They say that patience is a virtue but does this adage also apply to the fast-paced world of forex trading?
Aren’t good traders supposed to be on their toes at all times, ready to pounce on the opportunity to make profits?
Contrary to what some might think, staying on the sidelines doesn’t necessarily mean that you’re a lazy trader.
In fact, there are cases when sitting tight and refraining from taking any setups is a trading decision in itself.
Here are the top four scenarios wherein it might be better to patiently wait on the sidelines instead of jumping in a trade:
1. You’re feeling out of sync with the markets.
Admit it. There are days when you’re not exactly on top of your game and it seems as though the market is intent on proving that your analysis and biases are completely off. During these times, it can be tempting to just think that traders are behaving irrationally and that the market is wrong.
The truth is that you have to acknowledge that there’s probably something that you’re missing and that you need to take a step back to reassess your analysis and trading decisions.
Don’t let your pride get in the way of exercising patience. It might be better for you to sit out for a while and refrain from taking trades during those off days until you get back in sync with the market’s behavior.
2. You’re on a losing streak.
More often than not, this is a result of the first case wherein you’re having a tough time understanding market behavior. This can also be a product of poor risk management or a series of bad trade decisions.If you insist that your analysis is correct and that the market is wrong, odds are that you could wind up in a slump.
In both cases, you need to take some time to evaluate your recent trades to find out if you’re doing something wrong.

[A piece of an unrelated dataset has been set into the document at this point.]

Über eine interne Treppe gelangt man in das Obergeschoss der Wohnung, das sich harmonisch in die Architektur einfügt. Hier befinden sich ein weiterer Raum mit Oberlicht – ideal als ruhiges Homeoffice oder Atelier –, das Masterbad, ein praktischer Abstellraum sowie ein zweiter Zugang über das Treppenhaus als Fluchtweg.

Having a detailed trading journal should help you identify the trading mistakes you’re making and how you can correct these.

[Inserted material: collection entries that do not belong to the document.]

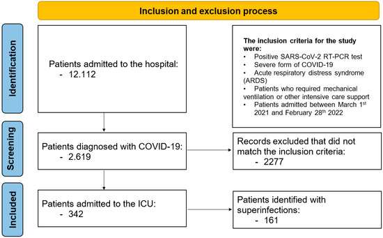 During the monitored period, 12,112 patients were admitted to the hospital, of whom 2619 were diagnosed with COVID-19. Among the COVID-19 patients, 342 (13.0%) were admitted to the ICU; their general characteristics are presented in Table 1. We identified 161 (47.0%) patients with bacterial, fungal, or combined (bacterial and fungal) superinfections not limited to the respiratory tract. Patients in Group I (with superinfections) had a median age of 72 years (IQR: 63.5–79); 78 patients (48%) were male, and 80 (49.6%) resided in rural areas. The median (IQR) APACHE II score at admission was 22.3 ± 6.3, and the median (IQR) SOFA score was 10 (8–11). A flowchart of patient inclusion is presented in Figure 1.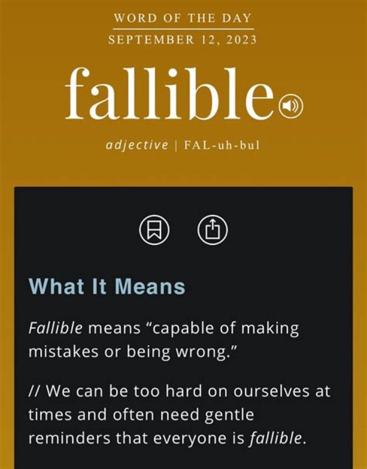 | 99% | FALLIBLE | Capable of making mistakes | Crosswords with Friends |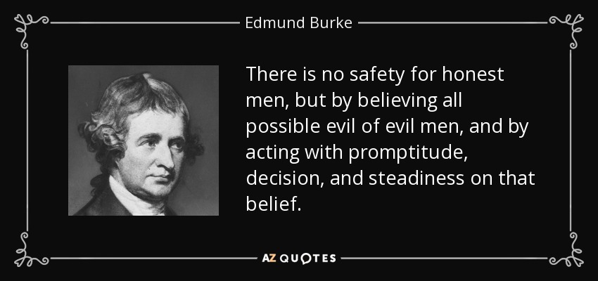 There is no safety for honest men, but by believing all possible evil of evil men, and by acting with promptitude, decision, and steadiness on that belief.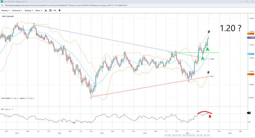 Payrolls are expected to slow down to 110,000 jobs from 139,000 in May and the average of 159,000 over the past year, with the unemployment rate expected to rise to 4.3%. Missing expectations could prompt the Fed to ease despite its insistence that the economy and job market remain strong. As risks concerning the impact of tariffs on consumers and the labour market persist, a sudden softening in labour data could cause markets to revise rate cut expectations upward and weigh on the dollar in favour of the euro.

3. There’s just too much uncertainty involved.
This goes out to catalyst-hunters who trade news events. Just because your tried-and-tested economic calendars have marked a particular report as a potential market-mover doesn’t mean that you absolutely have to trade it.
In order to trade the event, you must first have enough research and observation about it.

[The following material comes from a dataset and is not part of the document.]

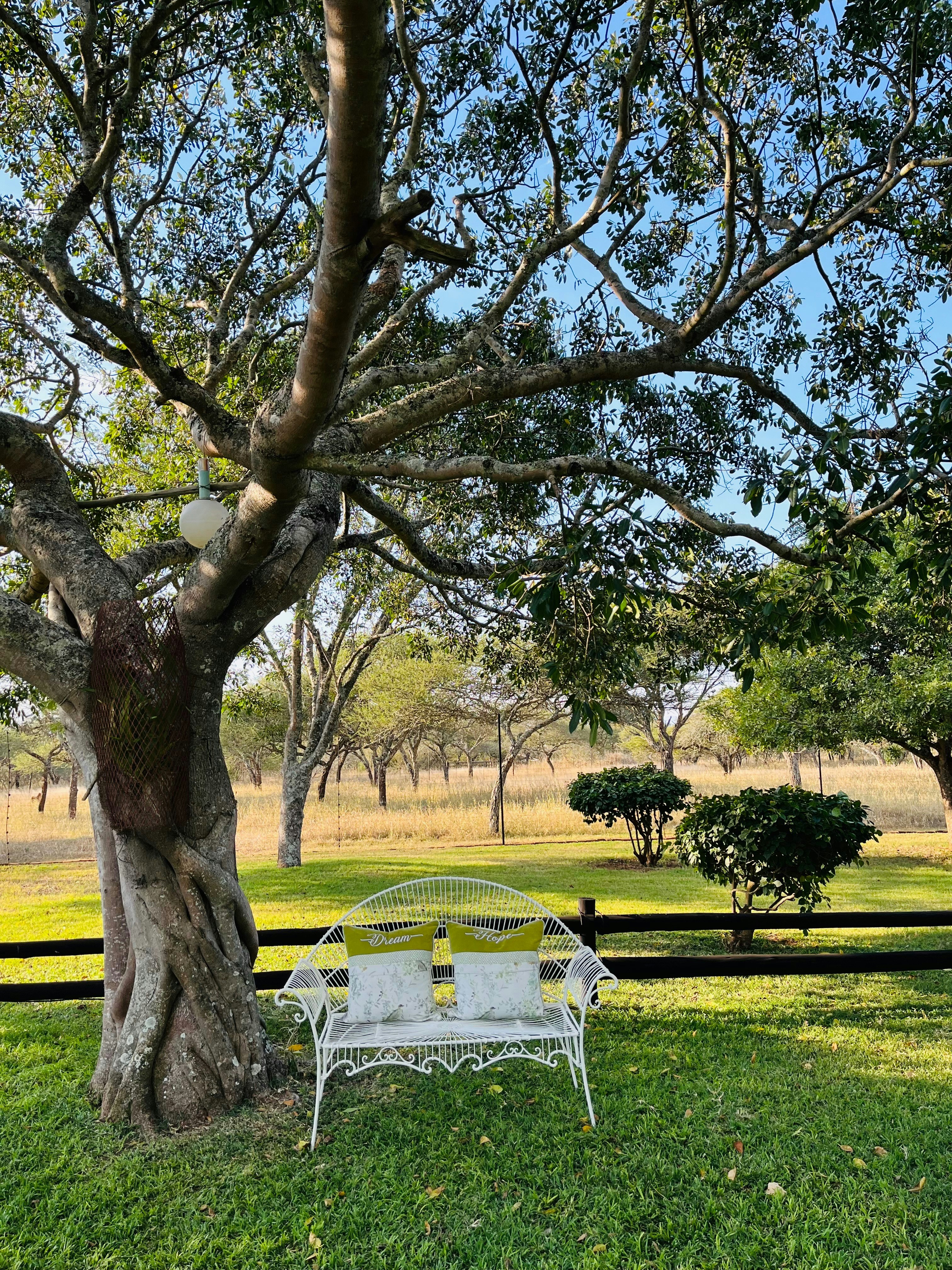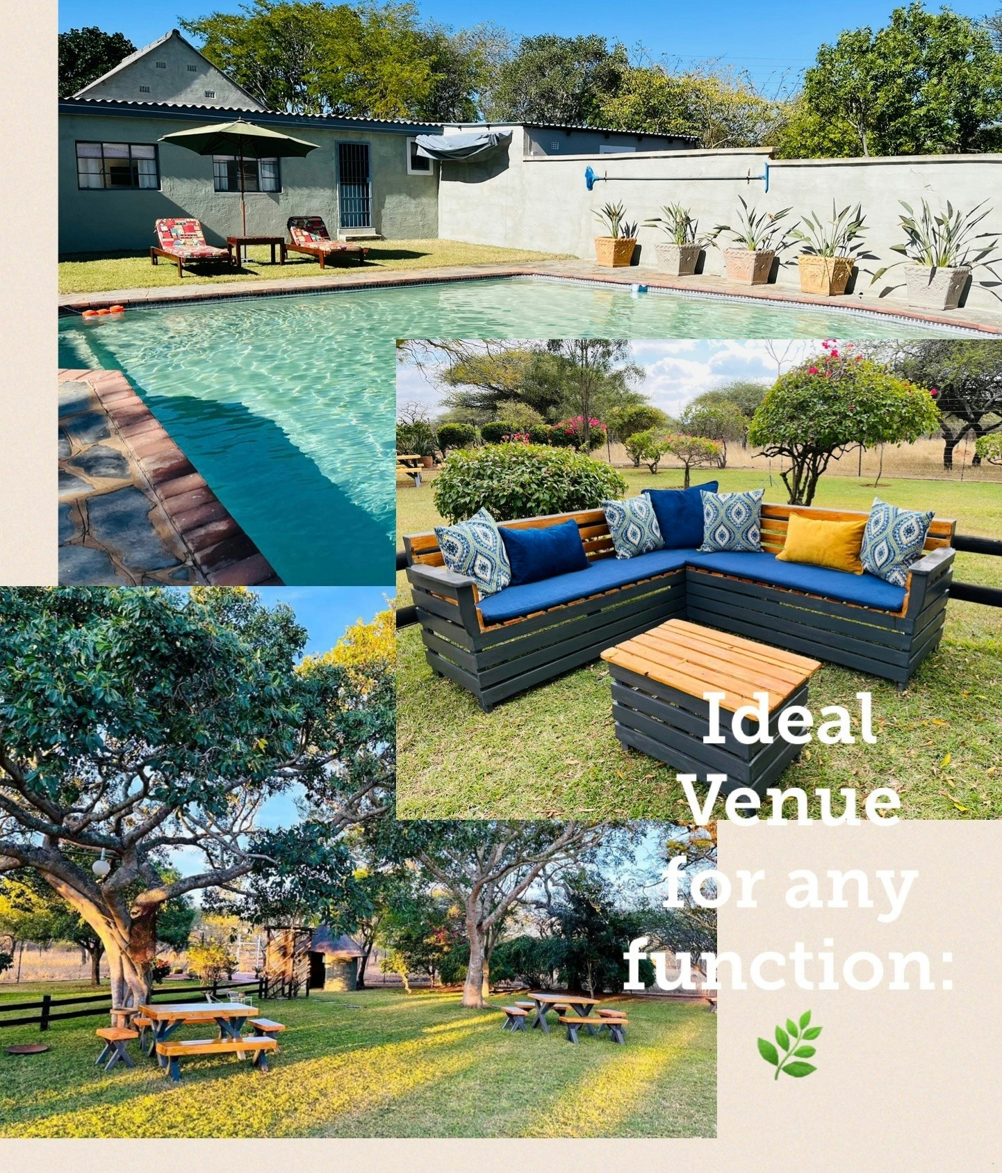 Guests have access to the lovely facilities on the property which include the communal swimming pool, the spacious dining area, the patios, and the well-maintained lawns. There is also a boma where guests can enjoy a lovely fire under the starry nights. There is also a Tea Garden restaurant open Tuesdays to Saturdays and a decor gift shop. There are roe deer and nyalas that are fed at sunset. Braai facilities are available.

Have you considered different scenarios? How will you manage your trade in case any of these potential scenarios played out? Has a similar event taken place in the past and if so, how did price react?
If you can’t answer these questions yet or if you’re uncomfortable subjecting your positions to insanely volatile conditions, then you might be better off watching by the sidelines while noting its impact on the markets, on the trade setup that you were thinking of taking, and how you could’ve played it better. This is part of deliberate practice, remember?
4. The odds are stacked against you.
A lot of traders (especially those with unyielding directional bias) still trade setups with poor reward-to-risk ratio or low probability.But remember that the point of trading is to make profits off those high-probability setups. After all, why would you risk your hard-earned money on a setup that isn’t likely to result in a win? That’s counterintuitive and basically just gambling.
If there are enough technical or fundamental signals that suggest that the odds aren’t that good, it could be better to sit tight and wait for a better one.
While taking advantage of market opportunities is a huge part of becoming a consistently profitable trader, it doesn’t mean that you should have to take trades for the sake of being in a trade.
Sometimes it’s better for your account and trading confidence to just sit on the sidelines and cherry-pick the best setups.
Don’t worry, the markets will offer plenty more opportunities for you to grow your account!